Of course, if you only want to use probixi as a peakfinder and prefer to use your own indexing regime, this is possible -- through the CLI's `--peaks-only` flag or the Python API's `peak_stream`.

Via the CLI:

```bash
probixi -i files.lst -g myGeometry.geom -o peaks.stream --peaks-only --device cuda
```

Or with python:

```python
import torch

from probixi import Probixi
from probixi.io import PeakOffloader

pipeline = Probixi(
    list_file="files.lst",
    geometry_file="myGeometry.geom",
    device=torch.device("cuda"),
)

# Calibrate the noise model + detection threshold on the seed frames, as usual.
pipeline.calibrate(n_seed=1636)

peaks = pipeline.peak_stream(pipeline.frames(), estimate_scale=False)
with PeakOffloader(
    "peaks.stream",
    geometry=pipeline.geometry,
    geometry_file="myGeometry.geom",
    files=pipeline.metadata.files,
) as off:
    for result in peaks:
        if len(result):       # skip blanks; export only frames with peaks
            off.write(result)
```

## Dependencies

- python >= 3.9
  - click
  - h5py
  - hdf5plugin
  - numpy
  - torch
  - matplotlib
  - pillow

## Contributing

There are many different ways to contribute to further development of this tool. If you experience a bug or would like an additional feature, please open up a [ticket](https://github.com/ryan-odea/probixi/issues). 
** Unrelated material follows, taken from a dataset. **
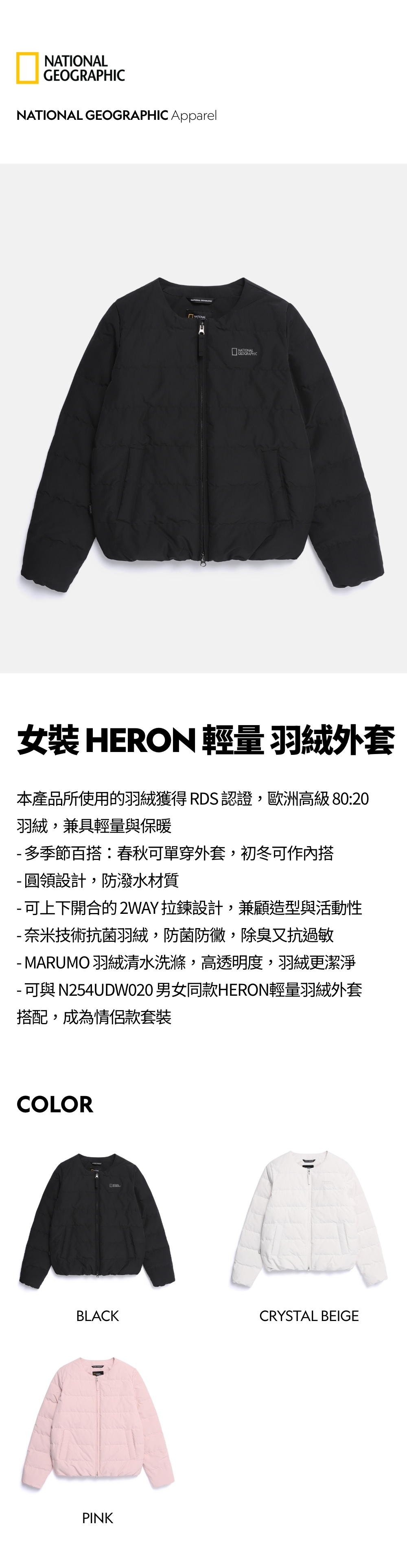 - 可與 N254UDW020 男女同款HERON輕量羽絨外套搭配,成為情侶款套裝
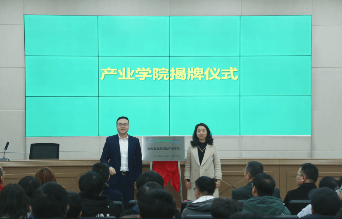 12月12日下午,电气信息工程学院输配电装备制造产业学院第一届理事会第一次会议在我校明德楼二楼阶梯教室召开。大会审议通过输配电装备制造产业学院理事会章程,选举产生第一届理事会成员、副理事长、理事长,商议确定副院长、院长以及产业学院专业建设委员会组成人员,在组织机构保障、体制机制建设等方面为输配电装备制造产业学院实体化、规范化运行奠定了坚实基础。会上举行了产业学院揭牌仪式。

If you would like to contribute actively by merging code, please open a PR with the following:

1. Code is formatted with `isort`, then `black`, followed by a `ruff --check`. This will initiate on PR, so it might be best to check beforehand.
2. Docstrings are minimally on user-facing functions in [`numpy` style](https://numpydoc.readthedocs.io/en/latest/format.html). 
3. Comments, or some explanation (in PR) for the additions, limited to the scope of the project. If fixing a bug, comments should be included in the PR rather than the code itself.